Весь январь стал сплошным праздником – и день рождения Марусин отметили славно, ее поздравили все, даже Жаклина Осиповна! Первый раз в жизни Маруся пользовалась таким успехом, каждый вечер ее приглашали то в театр, то на вечеринку, и – венец всего! – Жаклина Осиповна пригласила пойти с ней вместе на концерт Рахманинова! Такого великого концерта Маруся в жизни не слышала и понимала, что будет вспоминать его до конца своих дней, потому что вряд ли когда еще выпадет такое счастье.
Еще одно событие – опять судьба решительно действовала через мадам Леру – произошло в середине февраля. На курсы, по приглашению Жаклины Осиповны, приехала с лекциями легендарная Элла Ивановна Рабенек. Выученица Грюневальдской школы, основанной Айседорой Дункан, любимица великой босоножки, основательница одной из первых школ пластики в Москве, актриса, вышедшая на сцену без обу ви и без чулок, скандально-полуобнаженной, преподавательница пластики и ритмики в Художественном театре Станиславского явилась перед слушательницами Фребелевских курсов в строгом, лишенном какой бы то ни было женственности костюме и в цветастом шелковом шарфе, более пригодном для обивки кресла, чем для украшения дамы. Слушательницы все замерли от ожидания. Маруся, которая к этому времени из помощника преподавателя сама стала преподавателем и уже не бегала к семи часам утра встречать приютских детей, а приходила к девяти часам и вела с ними незатейливые музыкальные занятия, на первой же лекции поняла, для чего она изучила всю эту историю и литературу, анатомию и ботанику, для чего слушала все полупонятные разговоры взрослых и умнейших, ходила в театры и в концерты – чтобы немедленно пойти учиться к изумительной госпоже Рабенек!
Лекция была вдохновляющей! Одни только имена каковы! Ницше, Айседора Дункан, Жак Далькроз… ритмы мира, ритмы тела… И все эти ритмы зашифрованы в музыке, которая сама по себе есть отражение пульса космического. О создании нового человека путем слушания и воспроизведения этих космических ритмов Маруся пока еще не успела узнать, но уже скоро… скоро… Конечно, это было именно то, о чем Маруся мечтала, – стать таким новым, свободным, мыслящим и чувствующим человеком, новой женщиной, и помогать другим идти по этому пути! О, предчувствие чудесной перемены!

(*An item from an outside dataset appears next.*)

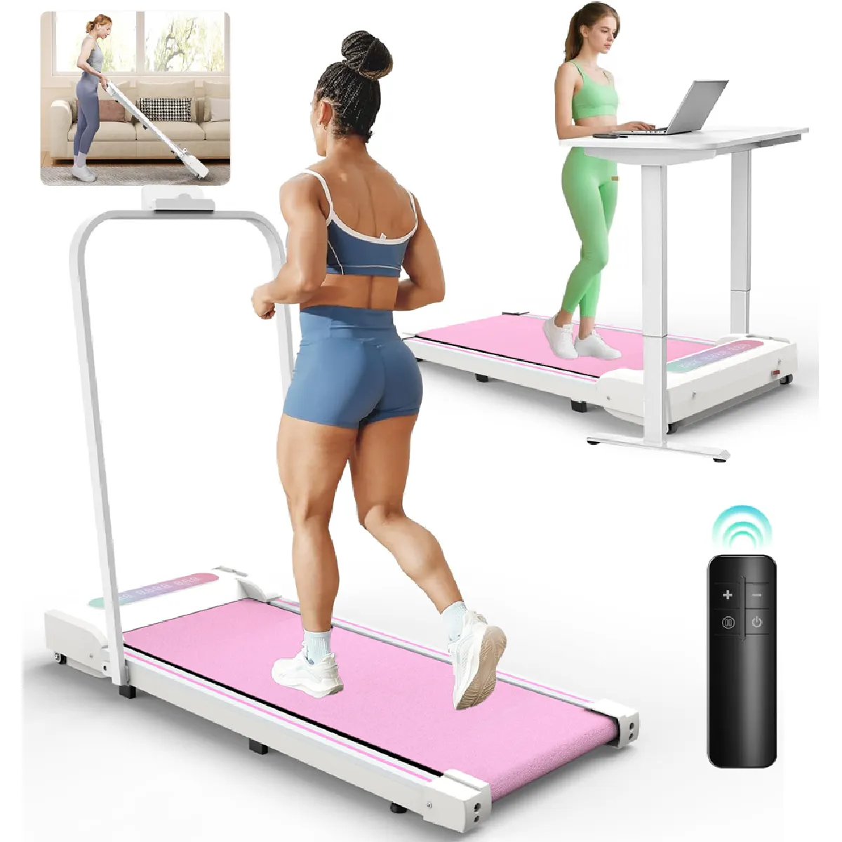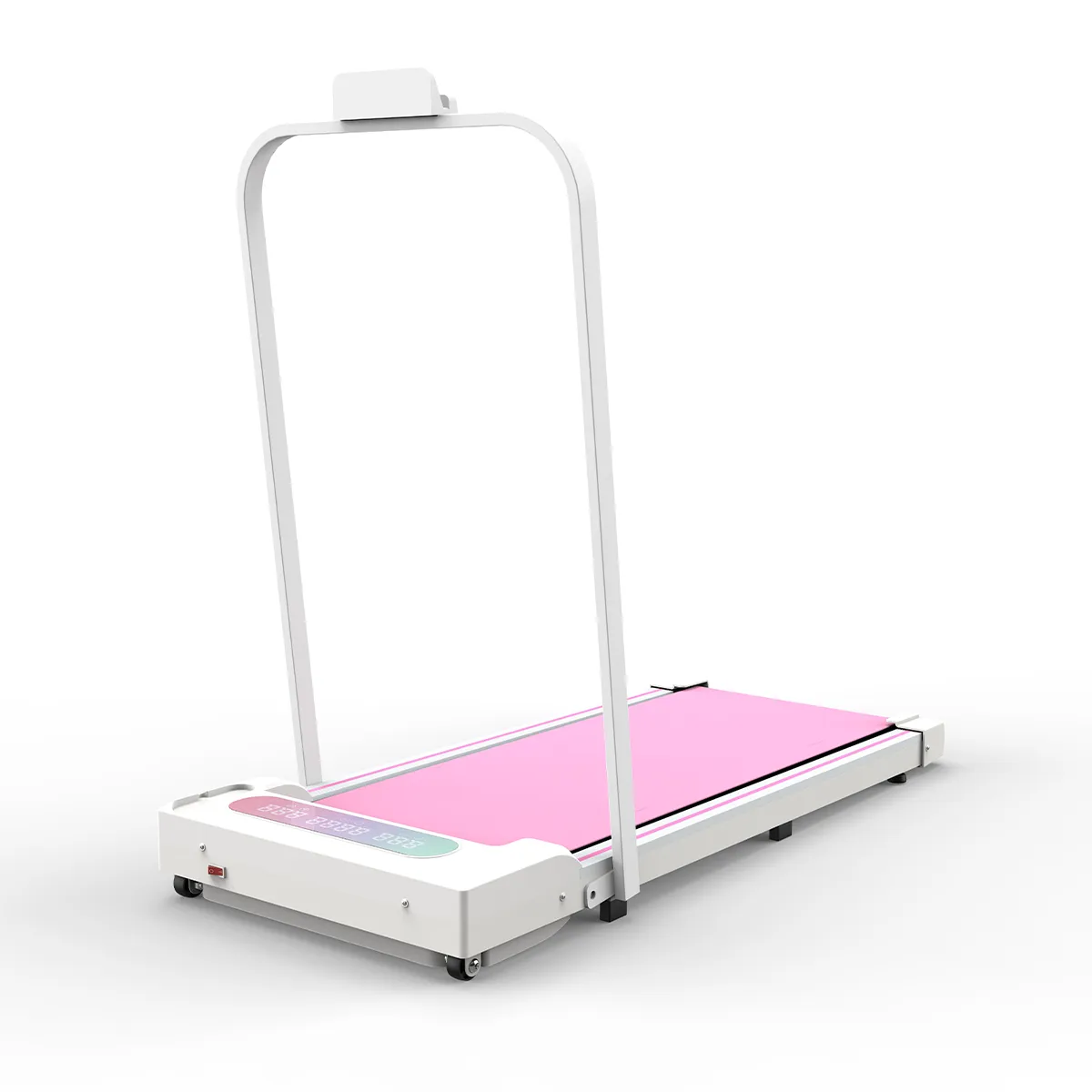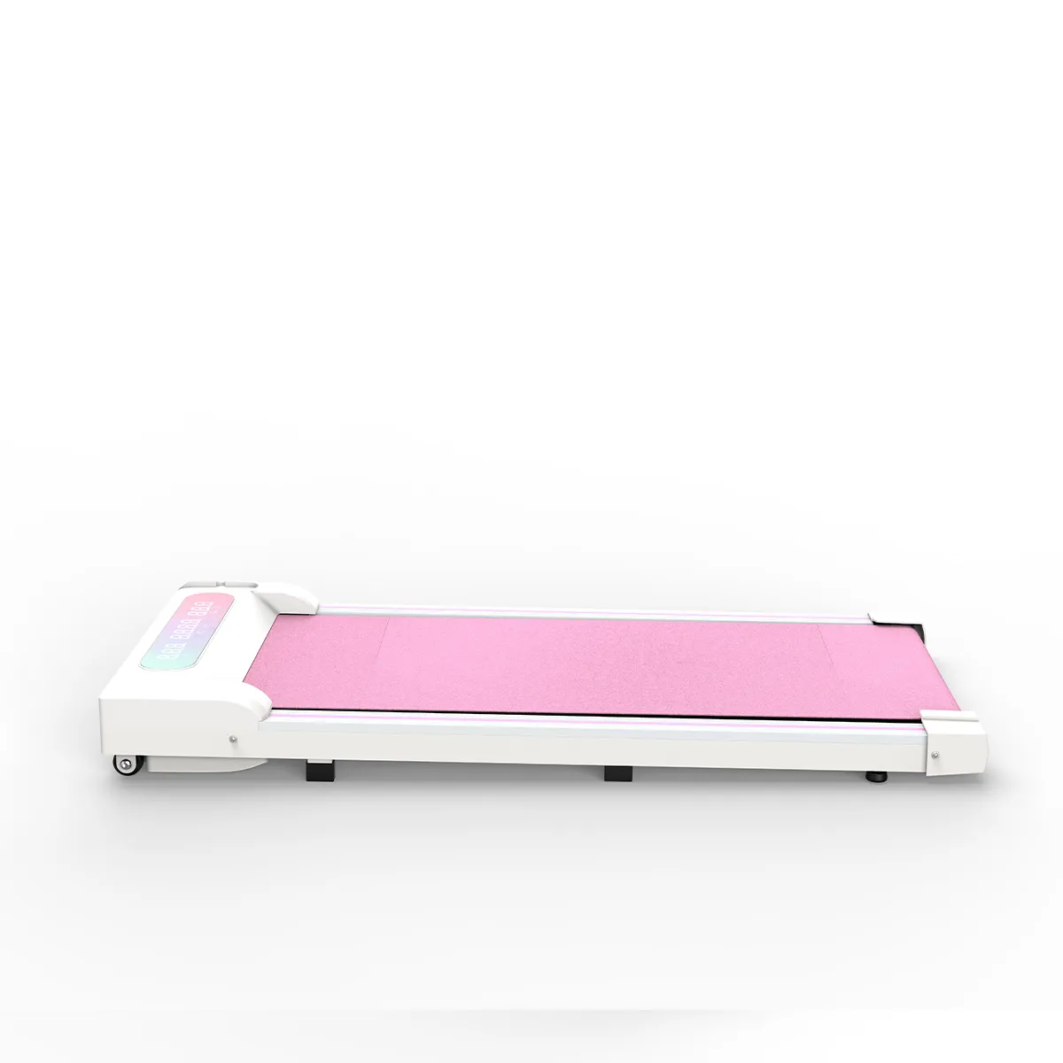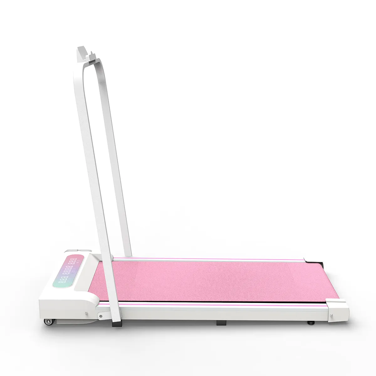 Tapis de course pliable pour la maison et le bureau, à glisser sous le bureau, écran LED et télécommande, rose

Но событие самое главное, может быть, главнейшее в жизни, произошло в день, когда Элла Ивановна прочитала свою последнюю лекцию и провела под музыку демонстрацию. Она сменила свой мужественный костюм на белый короткий хитон. В движениях ее не было ничего балетного – свобода и энергия, естественность и смелость. Это мое! Это совершенно мое! – почувствовала Маруся всем своим телом. После лекции она летела домой как на крыльях, походка ее изменилась в один час: спина выпрямилась, плечи опустились, длинная шея как будто еще удлинилась, а ступни легко скользили по земле как по льду.
Мама уже спала, отец сидел в ночном колпаке возле керосиновой лампы, читал какую-то старую французскую книгу, и не с кем было поделиться радостью, новостью, даже некоторой пьяностью… Она легла в угловой комнате, бывшем чулане, думала, что не сможет заснуть, но заснула мгновенно. Встала рано, легко, сделала свой швейцарский туалет, добавив в холодную воду несколько капель одеколона “Брокар”, Мишин подарок, надела новые панталоны, а корсетик, подержав в руках, отбросила с тем, чтобы никогда больше не стягивать своего тела этой гадостью, старомодной гадостью, потому что ее тело со вчерашнего дня хотело быть свободным, не зажатым, не зашнурованным, а гибким, античным, греческим…
Надела старое ореховое платьице, а противное пальто надевать не стала, натянула поношенную тужурку, надела круглую меховую шапку, повязала сверху платком, посмотрела на себя в зеркало, понравилась себе, подумала “Что за прелесть эта Маруся!”. И засмеялась, потому что прекрасно помнила, какая из любимых героинь Толстого это произносила, радуясь весне и молодости.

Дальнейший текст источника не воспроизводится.